BEGIN DATA FOR ANALYSIS

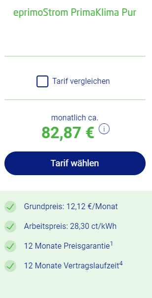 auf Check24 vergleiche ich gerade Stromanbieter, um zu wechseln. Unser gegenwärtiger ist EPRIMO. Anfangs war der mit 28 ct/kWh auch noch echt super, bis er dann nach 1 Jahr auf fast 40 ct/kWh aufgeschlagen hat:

END DATA FOR ANALYSIS
BEGIN DATA FOR ANALYSIS

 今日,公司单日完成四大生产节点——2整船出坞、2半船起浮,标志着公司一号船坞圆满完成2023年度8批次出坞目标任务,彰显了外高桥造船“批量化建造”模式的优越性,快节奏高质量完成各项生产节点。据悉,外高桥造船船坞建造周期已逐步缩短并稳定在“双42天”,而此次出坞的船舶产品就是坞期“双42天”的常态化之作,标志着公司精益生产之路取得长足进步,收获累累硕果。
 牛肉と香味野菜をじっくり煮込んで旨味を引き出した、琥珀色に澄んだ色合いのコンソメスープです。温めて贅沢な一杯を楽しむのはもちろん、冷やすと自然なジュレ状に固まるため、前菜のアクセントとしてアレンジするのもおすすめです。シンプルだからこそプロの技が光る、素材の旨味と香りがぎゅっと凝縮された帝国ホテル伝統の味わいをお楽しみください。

END DATA FOR ANALYSIS

▶ WHAT IS EXPECTED: Everything above from the line containing "今日,公司单日完成四大生产节" down to the line containing "牛肉と香味野菜をじっくり煮込" is to be transcribed exactly, with both of those lines included and nothing else added.

▶ SOLUTION:
 今日,公司单日完成四大生产节点——2整船出坞、2半船起浮,标志着公司一号船坞圆满完成2023年度8批次出坞目标任务,彰显了外高桥造船“批量化建造”模式的优越性,快节奏高质量完成各项生产节点。据悉,外高桥造船船坞建造周期已逐步缩短并稳定在“双42天”,而此次出坞的船舶产品就是坞期“双42天”的常态化之作,标志着公司精益生产之路取得长足进步,收获累累硕果。
 牛肉と香味野菜をじっくり煮込んで旨味を引き出した、琥珀色に澄んだ色合いのコンソメスープです。温めて贅沢な一杯を楽しむのはもちろん、冷やすと自然なジュレ状に固まるため、前菜のアクセントとしてアレンジするのもおすすめです。シンプルだからこそプロの技が光る、素材の旨味と香りがぎゅっと凝縮された帝国ホテル伝統の味わいをお楽しみください。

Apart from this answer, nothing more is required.